• [Directions]:
Starting at the line below with "- decalcificate la" and stopping at the line with "Use an Excel", please print each line exactly, those two included, and skip every picture.

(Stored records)
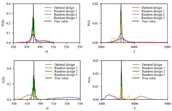 Comparison results of the posterior probability distributions for the optimal design and 3 other random designs for Case 1 (Upper) and Case 2 (Lower).
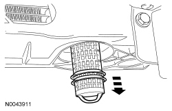 NOTICE: Care must be taken to minimize exposure of the receiver/drier cartridge to outside air. If multiple Air Conditioning (A/C) system components are being removed and installed, the receiver/drier cartridge should be installed last. The new receiver/drier cartridge should not be removed from its packaging until it is ready to be installed. Evacuation of the A/C system must be started as soon as the receiver/drier cartridge is installed. Excessive exposure of the receiver/drier cartridge to outside air will result in moisture contamination of the receiver/drier cartridge desiccant.
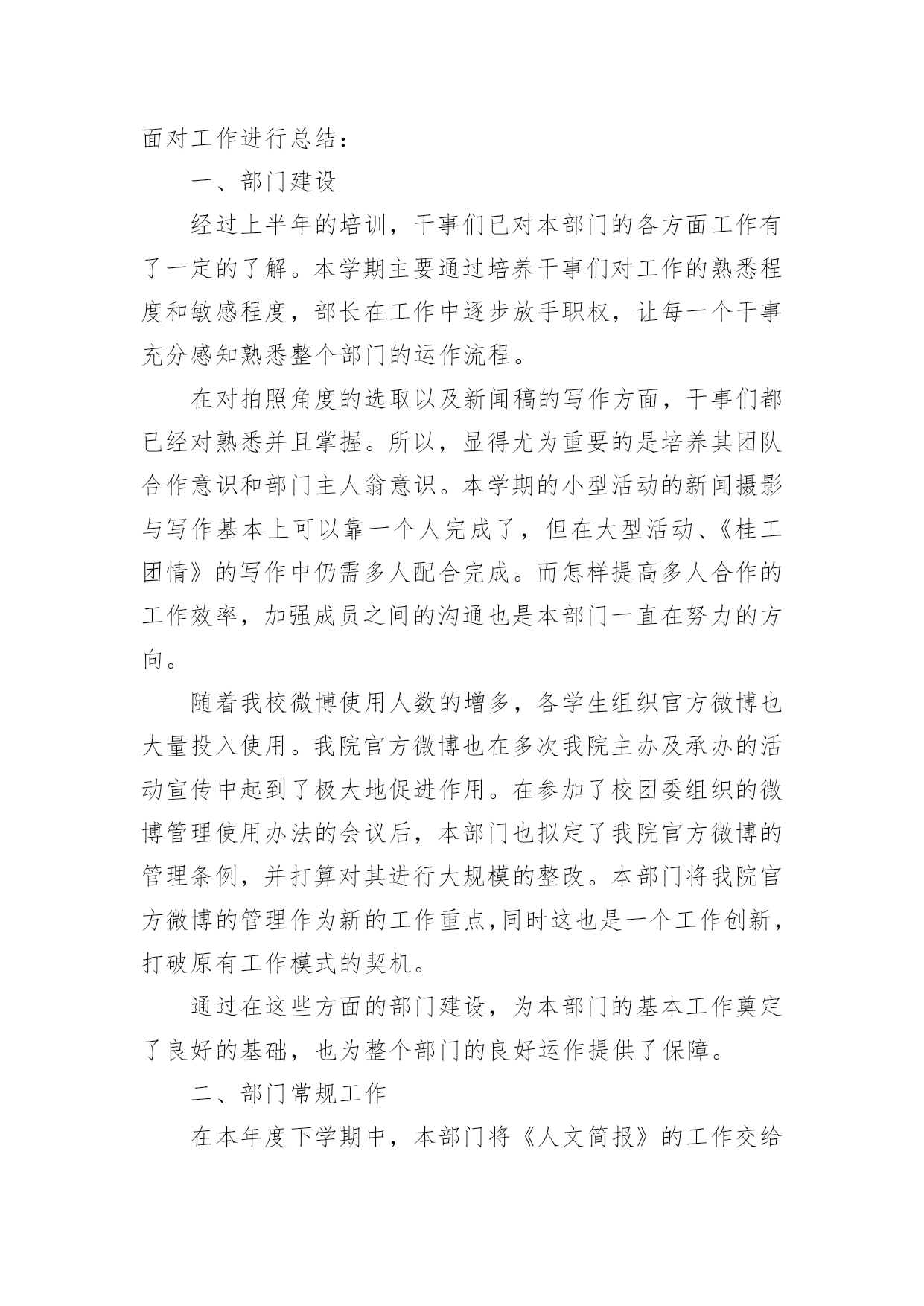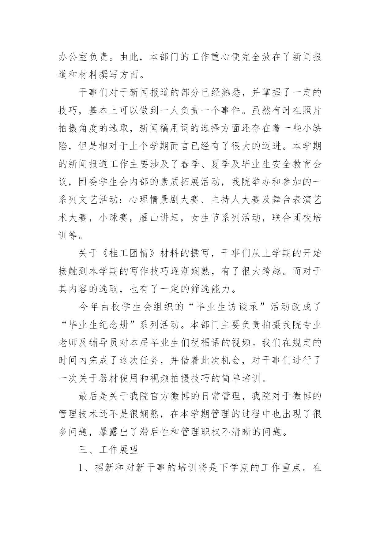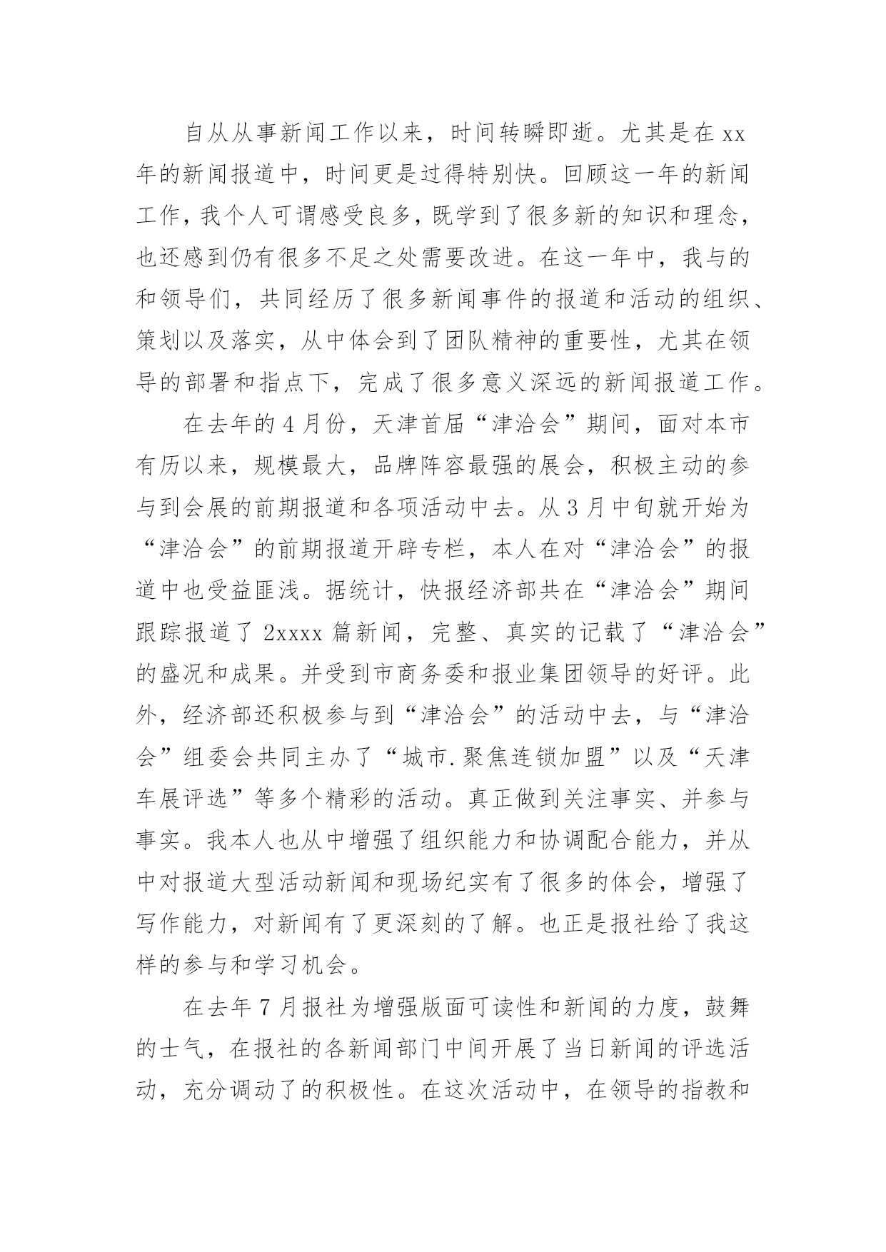 新闻工作者个人工作总结新闻工作者个人工作总结6篇总结是对某一阶段的工作、学习或思想中的经验或情况进行分析研究的书面材料,它是增长才干的一种好办法,因此,让我们写一份总结吧。总结你想好怎么写了吗?以下是小编整理的新闻工作者个人工作总结,仅供参考,大家一起来看看吧。新闻工作者个人工作总结1光阴荏苒,日月如梭,转眼间,我已是有三年半实战经验的“老新闻记者”啦,怎么是“老记者”呢,说实话,我一开始就知道记者的职业很辛苦,怕自己会坚持不下去,没想到:自己却在三年多的职业生涯中会这么顺利地走过来,并且走得还算“漂亮”。我分析了一下原因,首先与各位领导和同事们的帮助是分不开的;其次,自己目前也初步具备了作为一名记者该有的敢于吃苦,勇于实践,和不断学习提高的基本素质。xx年是国家比较坎坷艰难的一年,但却是我极速成长的一年。南方的冰雪灾害,汶川大地震,金融危机全球漫延等,时时牵动着全国人民的心,也触动着我思想的最深处,“作为新闻记者的我能干些什么呢?”“众志成城,支援灾区”“坚定信心,迎难而上”等一系列新闻小专题出自我手;奥运会时,全县不同群众以实际行动迎接奥运会的喜悦心情,我的碳素笔头和摄像镜头将其一一记录;全县组织开展的“三访六帮”活动,我多次深入贫困户,无保户家里,了解他们的疾苦,关心弱势群体,电视节目中经常穿插报道。xx年,我基本完成了自己的本职工作。工作中,我不断努力提高自身素质与修养。我要求自己做到:在思想上和政治上与党中央保持一致,坚持社会主义方向;不断培养自己的好奇心理、竞争意识、冒险精神和坚强的意志。我常常利用工作之余寻找各种与业务有关的资料,进行分析研究,取其精华、去其糟粕。坚持每天认真观看各大电视台的新闻栏目;不断加强自身修养,使自已努力做到:重事实,讲真话,主持正义,坚持真理;报道内容健康,有益社会进步;讲究文德,反对以稿谋私;自觉抵制拜金主义、享乐主义、个人主义思想侵蚀;处理好与同事间的关系等。工作中,我敢于吃苦,勇于实践。新闻工作是一项实践性很强的工作,缺乏对社会的基本了解的人是没有资格做一名优秀的新闻人的,我要求自己做到“三勤”、“两不怕”,即“脑勤、腿勤、耳勤”和“不怕苦,不怕累”。一分耕耘、一分收获。xx年,由我采写的《xx》新闻获省、市电视新闻短消息二等奖;《农民工子女上学不难了》获市级电视台好新闻三等奖。今后工作中,我将再接再励,使工作再上一个新台阶。新闻工作者个人工作总结2自从从事新闻工作以来,时间转瞬即逝。尤其是在xx年的新闻报道中,时间更是过得特别快。回顾这一年的新闻工作,我个人可谓感受良多,既学到了很多新的知识和理念,也还感到仍有很多不足之处需要改进。在这一年中,我与的和领导们,共同经历了很多新闻事件的报道和活动的组织、策划以及落实,从中体会到了团队精神的重要性,尤其在领导的部署和指点下,完成了很多意义深远的新闻报道工作。在去年的4月份,天津首届“津洽会”期间,面对本市有历以来,规模最大,品牌阵容最强的展会,积极主动的参与到会展的前期报道和各项活动中去。从3月中旬就开始为“津洽会”的前期报道开辟专栏,本人在对“津洽会”的报道中也受益匪浅。据统计,快报经济部共在“津洽会”期间跟踪报道了2xxxx篇新闻,完整、真实的记载了“津洽会”的盛况和成果。并受到市商务委和报业集团领导的好评。此外,经济部还积极参与到“津洽会”的活动中去,与“津洽会”组委会共同主办了“城市.聚焦连锁加盟”以及“天津车展评选”等多个精彩的活动。真正做到关注事实、并参与事实。我本人也从中增强了组织能力和协调配合能力,并从中对报道大型活动新闻和现场纪实有了很多的体会,增强了写作能力,对新闻有了更深刻的了解。也正是报社给了我这样的参与和学习机会。在去年7月报社为增强版面可读性和新闻的力度,鼓舞的士气,在报社的各新闻部门中间开展了当日新闻的评选活动,充分调动了的积极性。在这次活动中,在领导的指教和策划下,我的几篇稿件也有幸获奖,但回顾获奖的经历却感慨万千。其中,狗不理在海外遭遇抢注的报道,功夫在于平日于口内的积极联系和多新闻的不懈追踪。而探秘商场假货内幕的稿件,获奖原因主要是能够生动、深刻的.挖掘行业内幕。该稿件报道后,也引起了市商业部门、市工商局等部门的高度重视。主管部门还特此对本市商业市场进行了更严格的强化管理。这我从中也体会到,作为一名与事实、新闻和服务社会中紧密而有益的联系。随后,我的又一篇报道,关于对本市商家向未成年人售酒的调查,也获得了好评。并且部门随后还专门开设了关注未成年人消费的专题报道。但在撰写这些新闻报道的同时,我也深刻的感受到部门领导和给予我的支持和帮助,因为受到个人能力的限制,在很多新闻报道中我也经常漏洞百出,有时还会犯错别字、语句不通等很低级的错误,如果没有领导和的把关,就不会有合格满意的报道。去年中秋节前夕,作
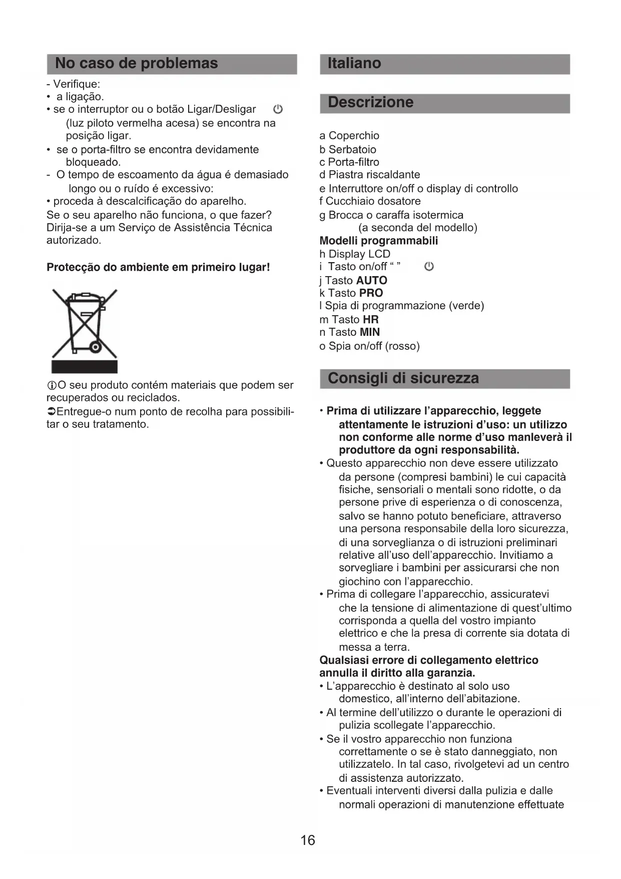 - decalcificate la vostra caffettiera. L’apparecchio continua a non funzionare? Rivolge- tevi a un centro assistenza autorizzato. Partecipiamo alla protezione dell’ambiente ! i Il vostro apparecchio è composto da diversi ma- teriali che possono essere riciclati. ‹ Lasciatelo in un punto di raccolta o presso un Centro Assistenza Autorizzato. Decalcificazione Accessori In caso di problemi Pulizia cafetière CM 823 EU11 :cafetière CM 823 16/11/10 11:17 Page1819 a Låg b Vandbeholder c Filterholder d Varmeplade e Tænd / sluk knap eller betjeningsdisplay f Måleske g Glaskande eller termokande (afhængig af model) Programmerbare modeller h LCD display i Tænd / sluk tast AUTO tast k PRO tast l Kontrollampe for programmering (grøn) m HR tast n MIN tast o Kontrollampe for tænd / sluk (rød)
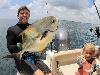 Offshore Fishing - You pay all the expenses and allow me to Scuba Dive I will take you. Commonly this is 100 gallons of Fuel and a 150 pounds of Ice plus some tackle, food, and water. A tip as well if you want a web page gallery like you see when clicking on the thumbnails above plus a Facebook Album to share. A Common Range is $400-$800. Split this 4-ways for 4 persons and it's $100-$200 per person. What a Deal! No minimum number of persons, but I may join other fishermen to your trip - up to four persons. This means you don't have to worry about getting your buddy's to comit. If you want to go fishing, just book yourself. I can legally take up to 6 persons, but it works much better if kept to four persons or less. If you have children 12 years or younger, please bring them a life jacket that fits them properly. They are required by law to wear it while underway. Fuel is billed at current national average for mid-grade and measured by a floscan. My Yamaha 4-Stroke Engine is as economical as they get, but Trip Fuel can range from 25 to 130 gallons depending on where you want to fish. View the trips by clicking the above thumbnails and you can read in the report how much we burned on that trip. |
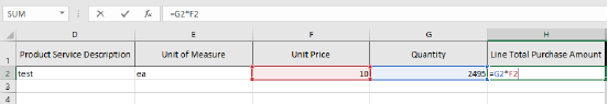 Use an Excel formula to easily validate Line Purchase Total Amount (e.g. =g2*f2)
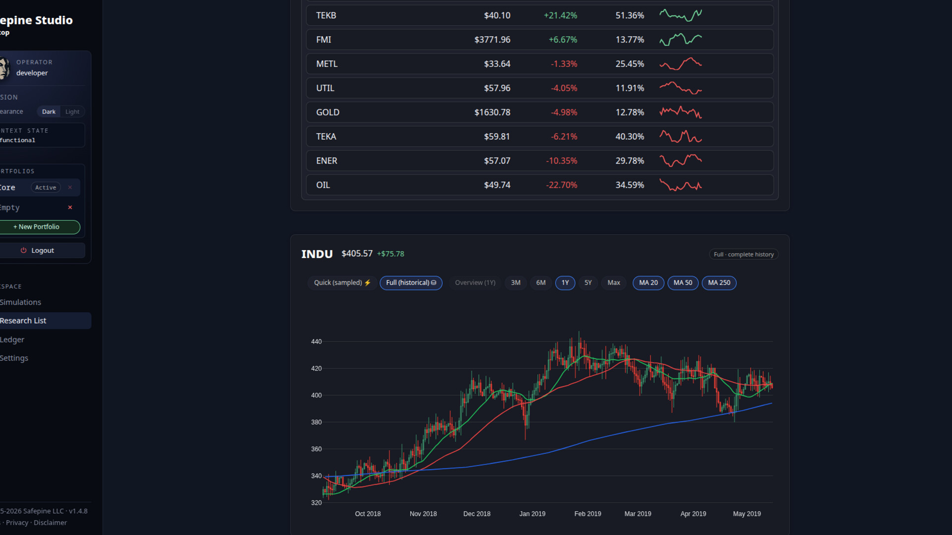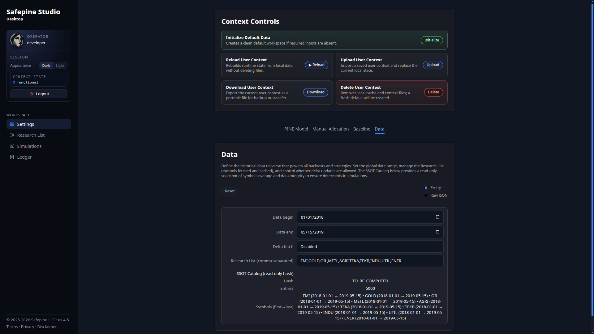 Safepine Studio is a Linux-native research environment built for learning how structure affects decisions and system design. It enables individuals to explore market behavior through back-testing within fully reproducible workflows. Users begin with curated synthetic data and may optionally load their own CSV files for deeper analysis.
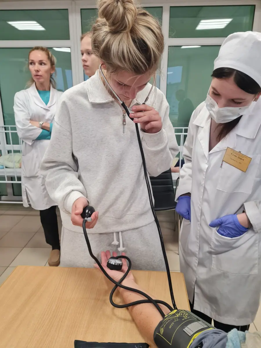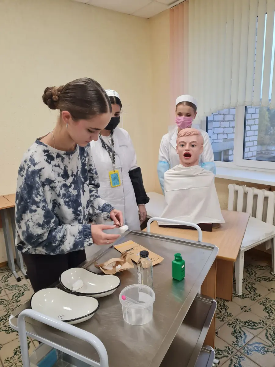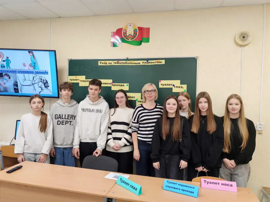 25 октября 2025 года в рамках профориентационной работы учащиеся групп профессиональной направленности 9 х и 10 х классов посетили УО "БГМК". Перед ребятами выступили преподаватели медколледжа, рассказали о данном учреждении, о правилах приёма. С большим интересом учащиеся поучаствовали в практико-ориентированных мастер-классах на базе лаборатории по отработке навыков. В конце встречи была сделана общая фотография, каждому вручили " билет в будущее" с необходимой информацией по вопросам поступления и выбора специальностей.
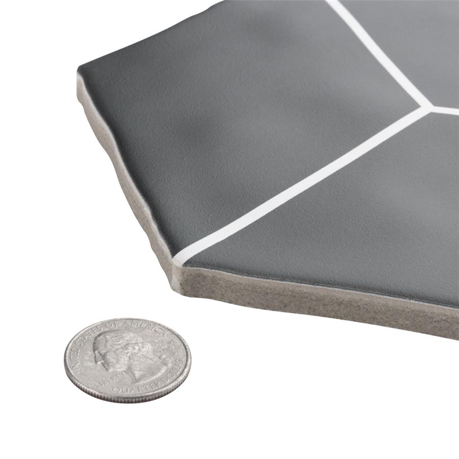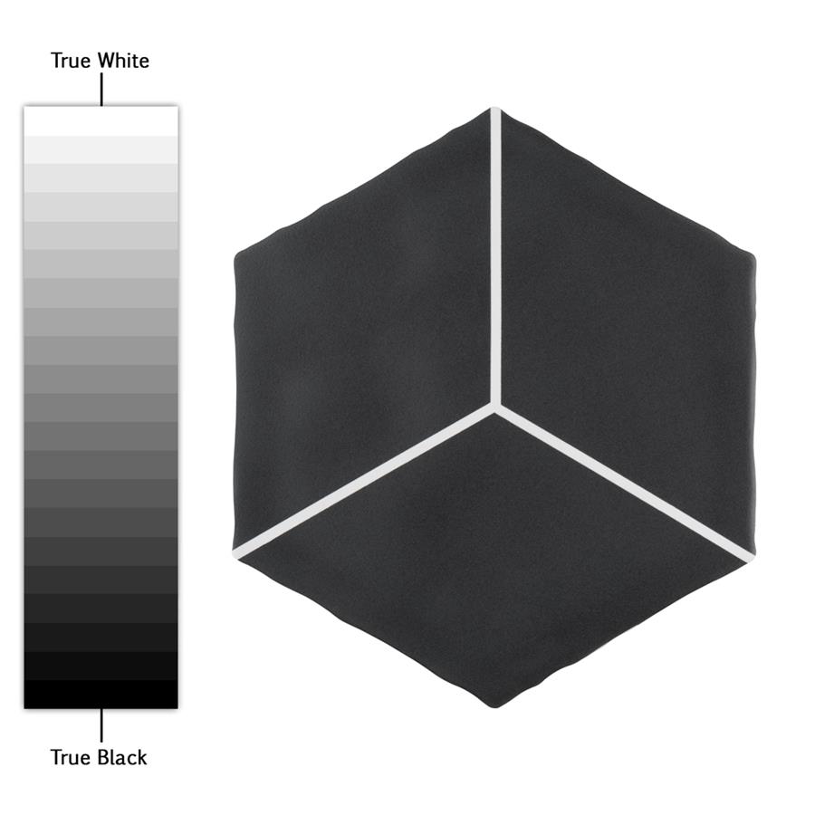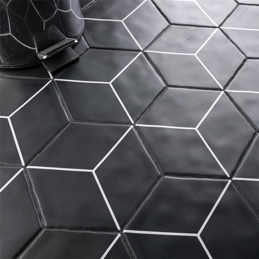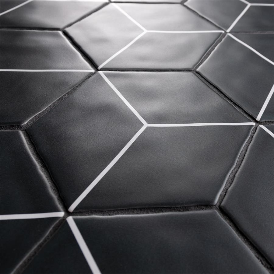Featuring a sleek black and white monochromatic design, our Palm Rombo Hex Black 6” x 7” Porcelain Floor and Wall Tile radiates mid-century modern design. This hexagon shaped tile creates captivating 3D visual effects through linear rhombus patterns that extend across the surface. Bright white lines are set amongst a charcoal black backdrop that has subtle variations that are meant to replicate genuine hydraulic tiles. This dynamic display of geometric pattern is visually appealing and versatile, and can redefine spaces through a graphic aesthetic. To add further contrast and dimension to the design, this matte floor and wall tile features slight surface undulation and subtle edge irregularities, offering an organic handcrafted appearance. Its ADA-compliant, impervious, frost-resistant and durable features make this an ideal choice for both commercial and residential indoor and outdoor installations including, kitchens, bathrooms, backsplashes, showers, hallways, entryways, patios and fireplace facades. Tiles in our Palm Collection are bicottura or double-fired, which ensures each tile is precisely calibrated to allow for installation consistency and the use of tighter grout joints. The second firing of the tile creates a stunning rich glazing effect that cannot be achieved with a single fire process. These tiles are also mono-color, meaning the colors remain consistent between production runs. Tile is the better choice for your space. This tile is made from natural ingredients, making it a healthy choice as it is free from allergens, VOCs, formaldehyde and PVC.Try out our grout test below to determine which grout color suits your design preferences.
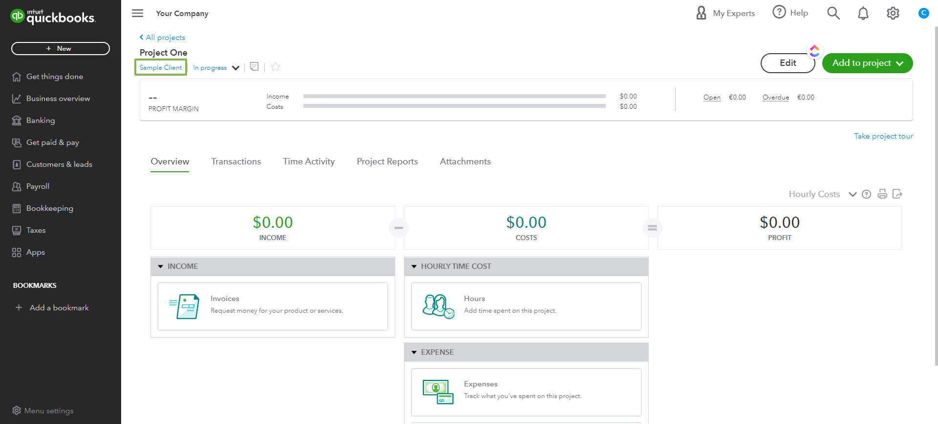 2. Next to the Project Name at the top of the screen, you will see that there is the option to select a QBO project.
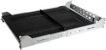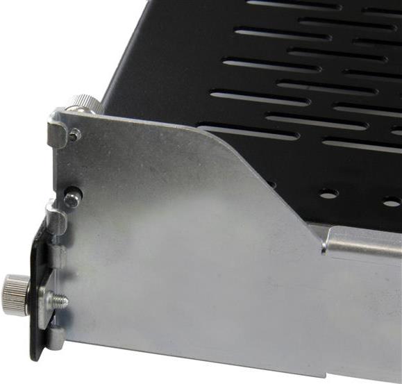 Dieser ausziehbare Fachboden bietet eine Traglast bis zu 22,7 kg, eine belüftete Konstruktion aus kaltgewalztem Stahl für besseren Luftstrom und Strapazierfähigkeit im Serverraum oder in Kabelschrankinstallationen.

• [Exercise output]:
 - decalcificate la vostra caffettiera. L’apparecchio continua a non funzionare? Rivolge- tevi a un centro assistenza autorizzato. Partecipiamo alla protezione dell’ambiente ! i Il vostro apparecchio è composto da diversi ma- teriali che possono essere riciclati. ‹ Lasciatelo in un punto di raccolta o presso un Centro Assistenza Autorizzato. Decalcificazione Accessori In caso di problemi Pulizia cafetière CM 823 EU11 :cafetière CM 823 16/11/10 11:17 Page1819 a Låg b Vandbeholder c Filterholder d Varmeplade e Tænd / sluk knap eller betjeningsdisplay f Måleske g Glaskande eller termokande (afhængig af model) Programmerbare modeller h LCD display i Tænd / sluk tast AUTO tast k PRO tast l Kontrollampe for programmering (grøn) m HR tast n MIN tast o Kontrollampe for tænd / sluk (rød)
 Offshore Fishing - You pay all the expenses and allow me to Scuba Dive I will take you. Commonly this is 100 gallons of Fuel and a 150 pounds of Ice plus some tackle, food, and water. A tip as well if you want a web page gallery like you see when clicking on the thumbnails above plus a Facebook Album to share. A Common Range is $400-$800. Split this 4-ways for 4 persons and it's $100-$200 per person. What a Deal! No minimum number of persons, but I may join other fishermen to your trip - up to four persons. This means you don't have to worry about getting your buddy's to comit. If you want to go fishing, just book yourself. I can legally take up to 6 persons, but it works much better if kept to four persons or less. If you have children 12 years or younger, please bring them a life jacket that fits them properly. They are required by law to wear it while underway. Fuel is billed at current national average for mid-grade and measured by a floscan. My Yamaha 4-Stroke Engine is as economical as they get, but Trip Fuel can range from 25 to 130 gallons depending on where you want to fish. View the trips by clicking the above thumbnails and you can read in the report how much we burned on that trip. |
 Use an Excel formula to easily validate Line Purchase Total Amount (e.g. =g2*f2)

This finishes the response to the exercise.